Excerpt from WKEF
Wright State MBA students are working to help their community through “Pantries on a Post.”
A wooden purple pantry sits next to a busy street in downtown Dayton, filled with cereal, saltines, pasta sauce, and cream of chicken soup. “Take food if you need it,” a sign encourages. To some, the food provided in the pantry on a post is the difference between getting dinner that night, or none at all.
A team of seven Master of Business Administration students at Wright State University wanted to make a difference in their community and so partnered with Good Neighbor House to arrange the installation of five pantries in and around Dayton. “It’s been fantastic,” said Tim McClain, an MBA student from Lewisburg. “A ton of people will leave notes, just saying how grateful they are and how appreciative they are having these things in the area.
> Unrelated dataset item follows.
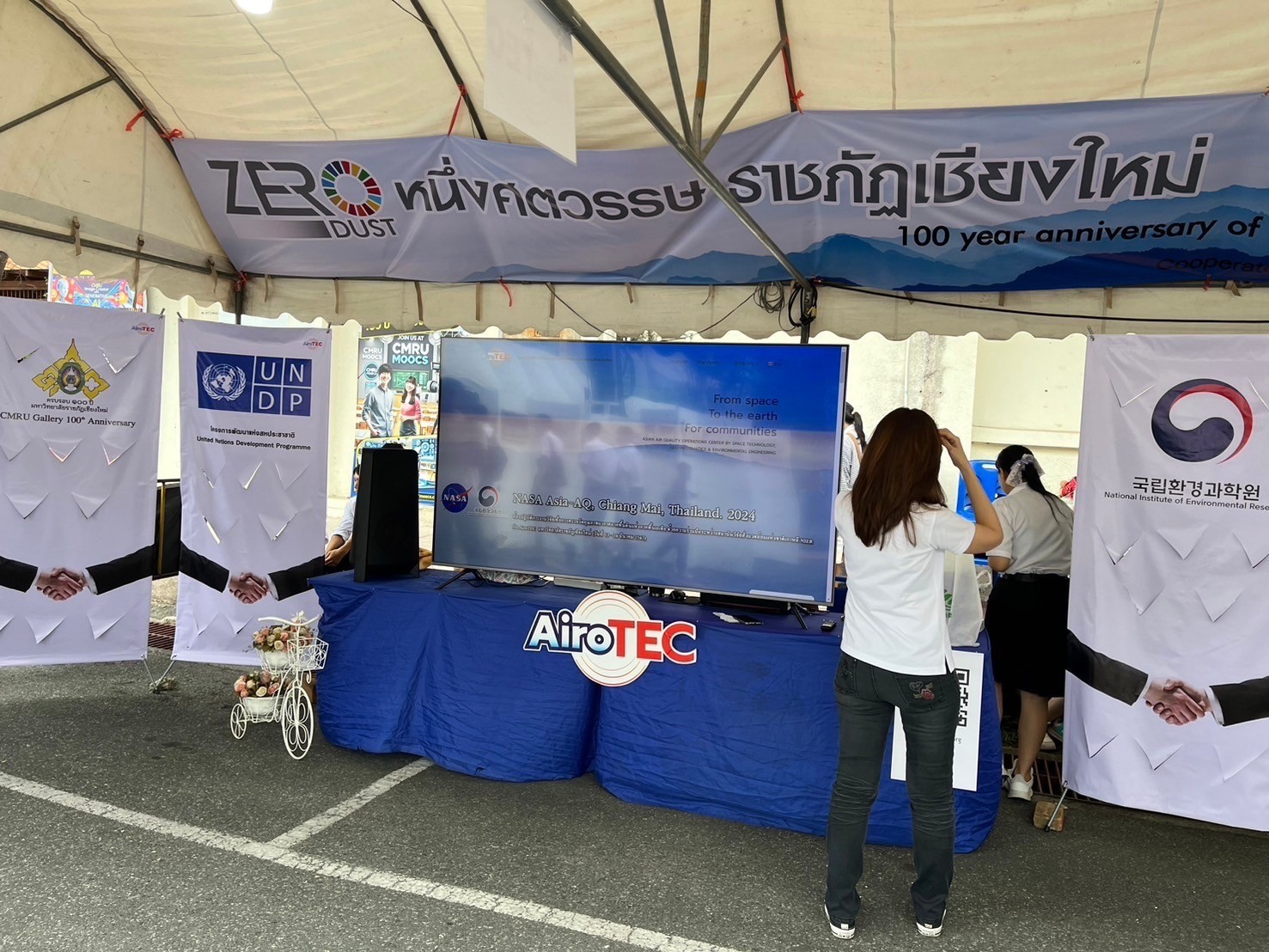 เนื่องในโอกาสที่มหาวิทยาลัยราชภัฏเชียงใหม่ครบรอบ 100 ปีในระหว่างวันที่ 3 – 6 กรกฎาคม 2567 ศูนย์ปฏิบัติการฯ AiroTEC ได้ร่วมจัดนิทรรศการแสดงผลการดำเนินงานร่วมกับเครือข่ายการดำเนินงานคือ UNDP, NIER แห่งเกาหลีใต้, GISTDA, กรมฝนหลวงและการบินเกษตร และ Dr.Hygiene Medical Products Co.,Ltd.

They just pick up a box of spaghetti or something and they’ve got food for the night. It’s been really good in the areas they’ve been installed in.”
The food pantries are part of a national movement called “Give What You Can, and Take What You Need”, and as the slogan suggests anybody is free add to the pantry or take anything they might need. “Anyone can come up to these and put food in it or take food out,” McClain said.
Good Neighbor House keeps the pantries stocked, and there is no limit on how much food one person can take. McClain says that there haven’t been any reported issues of people taking too much food.
The pantries are located next to Good Neighbor House, outside a church near the University of Dayton, downtown next to St. John’s United Church of Christ and outside churches in Riverside and Fairborn.